Background Left atrial (LA) dilation is associated with increased risk of atrial fibrillation (AF), heart failure and cardiac arrest in patients with hypertrophic cardiomyopathy (HCM). The factors that influence LA remodelling in HCM are not well described. This study was undertaken to identify factors that influence the rate of LA remodelling and subsequent development of atrial fibrillation in HCM.

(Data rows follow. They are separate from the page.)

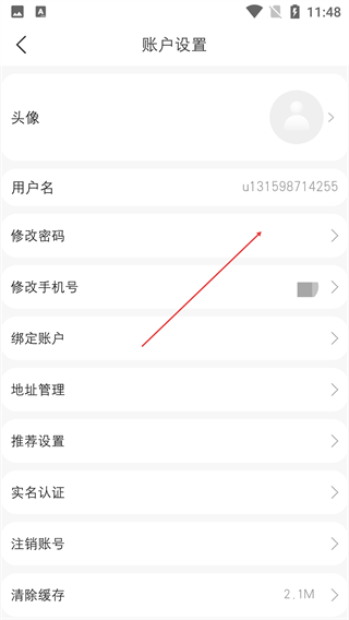 3、在账户设置界面中,选择【修改密码】选项,跳转至密码修改页面。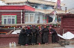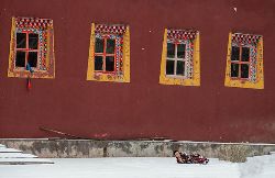 冬季的色達,常常被皚皚白雪覆蓋,民居、帳篷、寺院、經(jīng)幡、牦牛點綴期間,美麗迷人。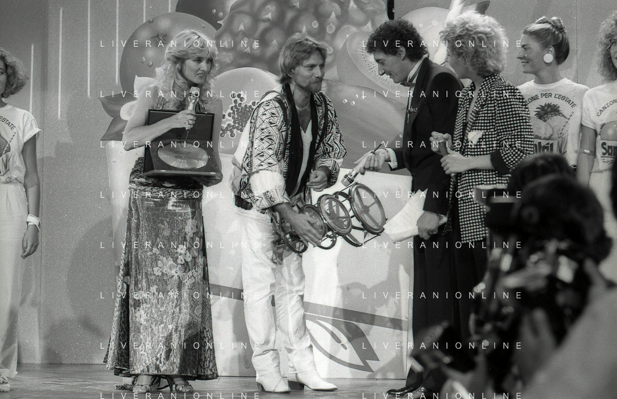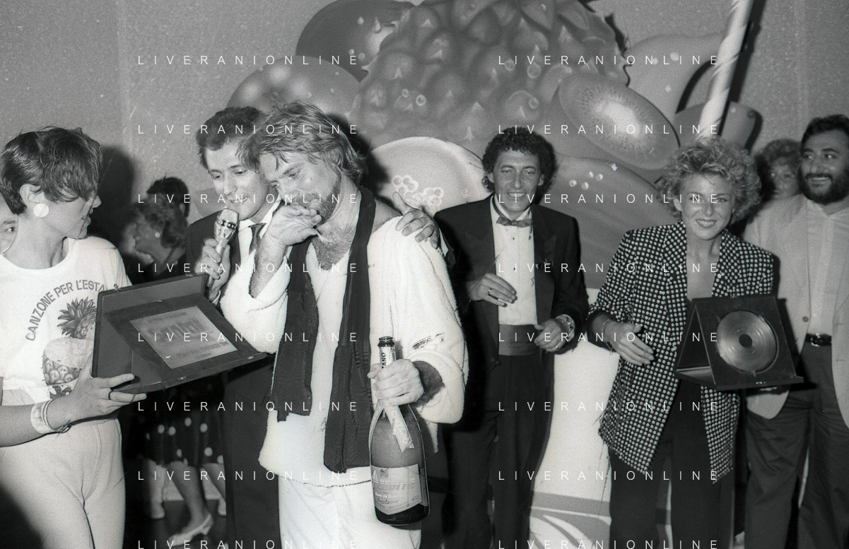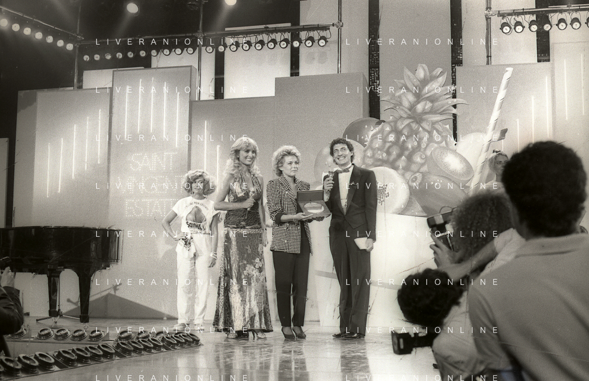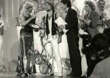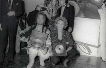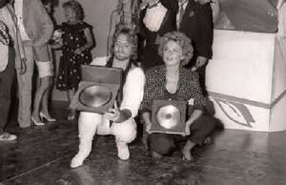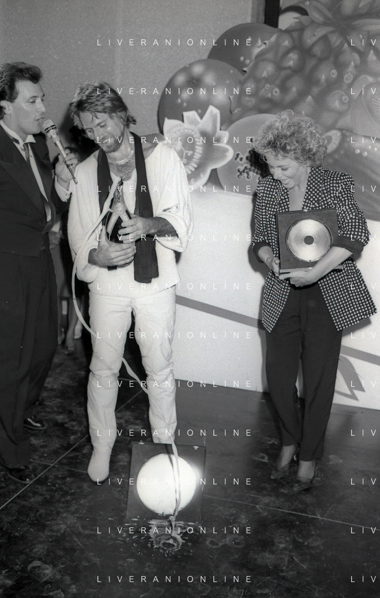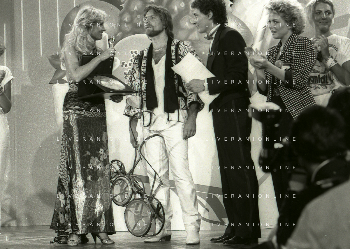 NEG-RETROSPETTIVA TONY ESPOSITO MUSICISTA-PERCUSSIONISTA E CANTAUTORE NELLA FOTO TONY ESPOSITO NELL'ANNO 1984 A SAINT VINCENT CON ROBERTA VOLTOLINI AG ALDO LIVERANI SAS

Methods Baseline and follow-up echocardiograms were analysed by an experienced echocardiographer blinded to clinical factors or outcomes in an HCM patient cohort. Exclusion criteria were <1 year between first and last echocardiogram, AF was present before follow-up echocardiogram, prior myectomy, or poor image quality. Clinical features and associated outcomes were obtained from medical records. The rate of LA remodelling was calculated by dividing the change in size by the time (in years) between studies. Multivariable linear and logistic regression were used to identify factors associated with LA remodelling and incident AF after controlling for age and body surface area (BSA).
Results A total of 205 HCM patients were studied: mean age 44.4±15.8 years, 40% female, 41% had sarcomere mutations, NYHA class I/II/III 61%/30%/9%, septal thickness 17±5 mm, LV ejection fraction (LVEF) 65%±9%, 30% had obstruction (LV outflow tract gradient ≥30 mm Hg at rest or ≥50 mmHg with Valsalva). At baseline, LA diameter was 4.1±0.6 cm (range 2.4–6.2) and LA volume indexed to BSA (LAVi) was 34±12 ml/m2 (range 11–75) with at least mild LA enlargement present in over 50%. Over a median 5.0 years (IQR 2.7–7.8) follow up, LA diameter increased by 0.2±0.4 cm and LAVi by 5±10 ml/m2. The baseline ratio of the peak E-wave velocity to septal TDI e’ velocity (E/e’) and estimated pulmonary artery systolic pressure were significantly associated with LA enlargement (p=0.0007 and 0.049 respectively). The relationship between E/e’ remained significant after controlling for age, BSA, LVOT gradient, LVEF, and mitral regurgitation. In univariate and multivariate analyses, other clinical and echocardiographic variables, including age, genetic status, blood pressure, LVEF, and the presence or degree of LVOT obstruction, were not associated with LA remodelling. Incident AF developed in 35 patients (17%). Baseline LA diameter was larger (4.5 vs. 4.0 cm, p<0.01) in patients who developed AF. In a multivariable model including age, BSA, and baseline E/e, baseline LA size (p=0.007) and rate of LA enlargement (p=0.01) were significantly associated with the development of AF.
Conclusions Remodelling of the LA is a common feature of HCM that is progressive and associated with future development of AF. E/e’, rather than obstruction, was strongly associated with progressive LA remodelling in this cohort. These findings support the importance of altered myocardial function and haemodynamics in LA remodelling in HCM.